- Directed by: Denison Clift
- Written by: Denison Clift
- Starring: Fay Compton Gerald Ames Ivan Samson John Stuart
- Production company: Ideal Film Company
- Distributed by: Ideal Film Company
- Release date: October 1923;
- Country: United Kingdom
- Language: English

= The Loves of Mary, Queen of Scots =

1923 film by Denison Clift

The Loves of Mary, Queen of Scots is a 1923 British silent historical film directed by Denison Clift and starring Fay Compton, Gerald Ames and Ivan Samson. The film depicts the life of Mary, Queen of Scots, and her eventual execution.

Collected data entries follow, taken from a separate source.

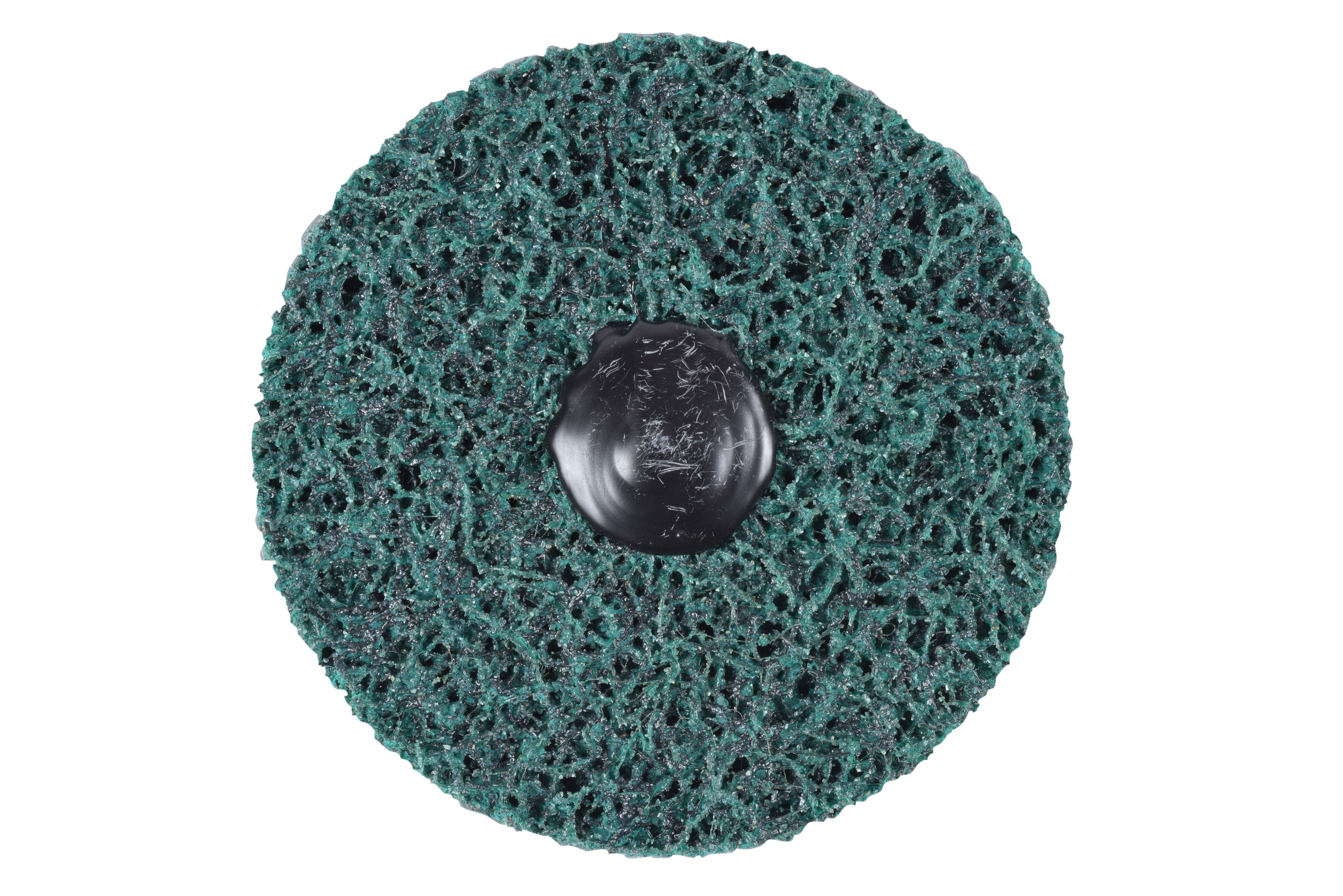 To engineer the Scotch-Brite™ Roloc™+ Clean and Strip XT Pro Extra Cut Disc, aluminum oxide mineral is combined with non-woven nylon fibers using resin. Aluminum oxide is a very hard mineral that delivers a high cut rate, commonly used in high-pressure applications like cutting and weld removal. The resin bond strengthens the fiber web and allows it to gradually break down to reveal new fibers and sharp mineral – delivering a consistent cut over the life of the abrasive. The combination of fiber strands, resin and abrasive mineral forms a thick, open web. Gaps in the web allow swarf to escape, minimizing loading of the abrasive.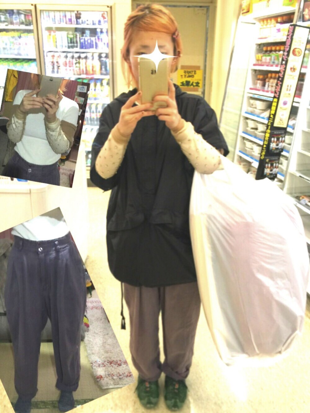 毛布目当てで近所のお店へ。荷物を大きくなるの予想できたから、手ぶらできるポケットいっぱいブルゾンを着ました。 パンツは今はなきヨーロッパ古着のお店で買ったもの。だいぶくたってるし、色もくすんだ紫。わたしは、はき続けます。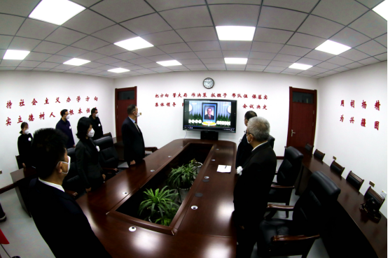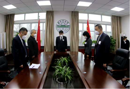 2022年12月6日上午,党委书记赵光辉,党委副书记、校长张爱萍,党委常委、副校长曲义勇、于军、石长青在行政楼308会议室收看追悼大会现场直播。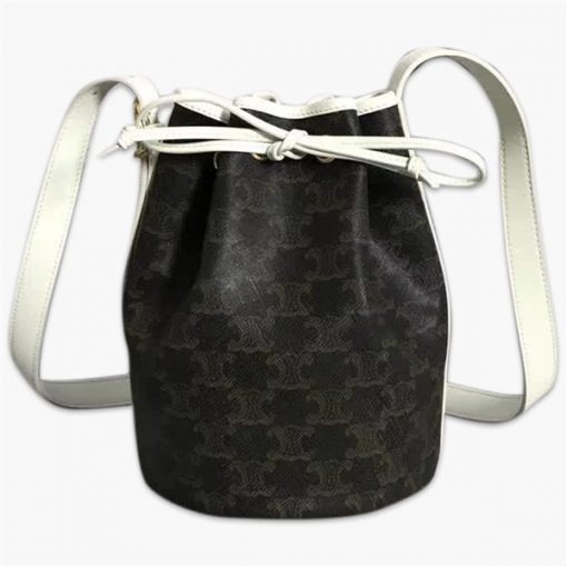 賽琳/Celine CELINE TRIOMPHE 水桶包,顏值爆表,縮袋口設計,主打休閑風,版型符合現代時尚潮元素,簡約大方簡直不能太好看,側邊肩帶長短調節,兼具實用性,小心機的側面燙金 logo,款號:191142【編號】191142#A078【顏色】白色【尺寸】21.5 X 15 cm【規格】抽繩開合織物襯裡可調節肩帶【附屬品】防塵袋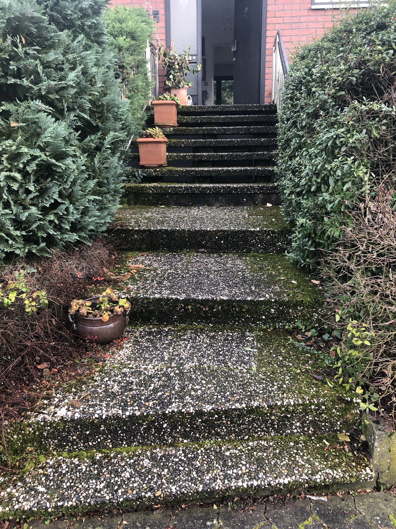 Wir haben das Haus Anfang diesen Jahres übernommen und ich finde diese Waschbetonplatten nicht schön, selbst wenn man diese mal reinigen lassen würde.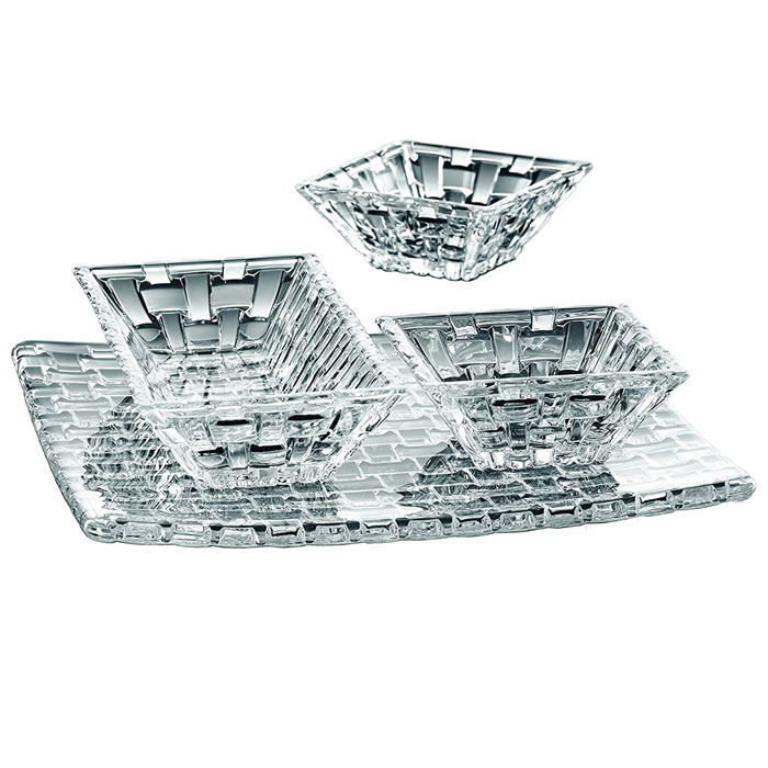 ナハトマン ボサノバ (Nachtmann) 97633 サービングセット(ディップボウルx2+スクエアプレート21cm+レクタンボウル) とってもお得な4個セット! ガラス 皿 ドイツ ギフト・のし可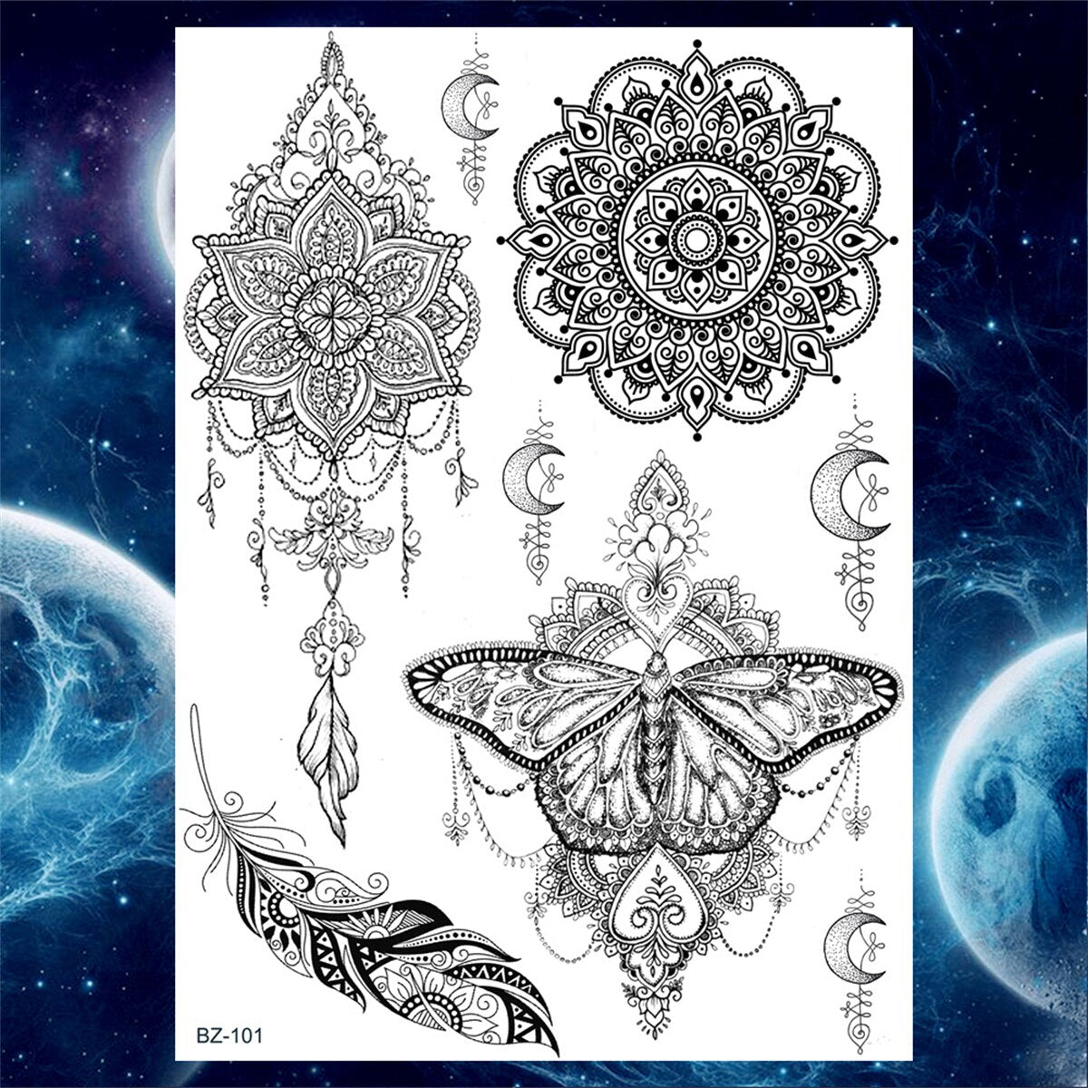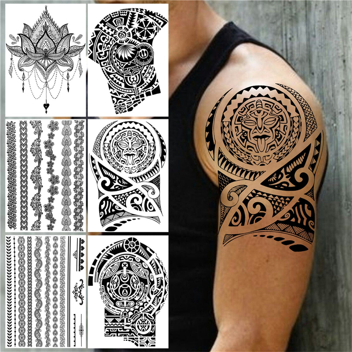 Large Tribal Totem Temporary Tattoos For Men Women Adult Henna Lotus Tattoo Sticker Fake Black Lace Flower Body Art Tatoos Arm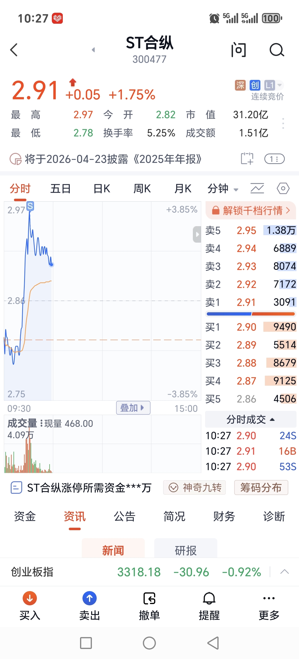 $ST合纵(SZ300477)$ 勇敢T出,下午接回,你说,我能!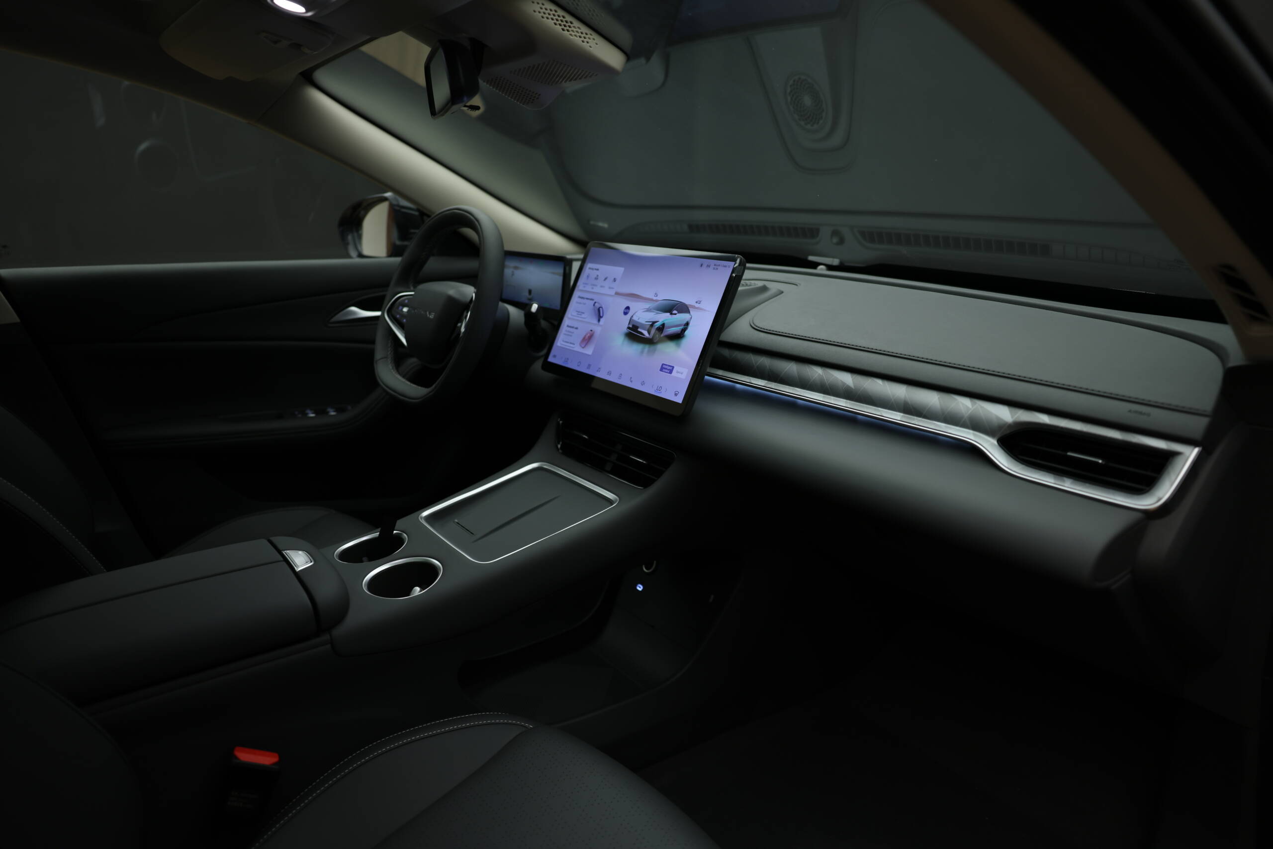 The car’s exterior design features smooth and dynamic lines, with a modern front fascia and a unique full-width rear light bar. Inside, the cabin is designed to provide a comfortable and premium driving environment, with very comfortable seating and a large central touchscreen. The car is equipped with the latest infotainment and driver-assistance systems to ensure a pleasant and effortless driving experience.

It was one of the final films made by Ideal, one of the leading British studios, before they were hit by the Slump of 1924. It is most likely considered a lost film.

==Cast==
- Fay Compton as Mary Stuart
- Gerald Ames as Bothwell
- Ivan Samson as Lord Dudley
- John Stuart as George Douglas
- Ellen Compton as Queen Elizabeth I of England
- Lionel d'Aragon as Moray
- Harvey Braban as Ruthven
- Irene Rooke as Catherine de' Medici
- Donald Macardle as Francis II
- René Maupré as Rizzio
- Ernest A. Douglas as Cardinal
- Sydney Seaward as Lord Douglas
- Edward Sorley as John Knox
- Betty Faire as Mary Beaton
- Dorothy Fane as Mary Beaton
- Nancy Kenyon as Mary Fleming
- Julie Hartley-Milburn as Mary Seaton
- Basil Rathbone (uncredited)
- Jack Cardiff (uncredited)

==Bibliography==
- Low, Rachael. The History of British Film, Volume 4 1918-1929. Routledge, 1997.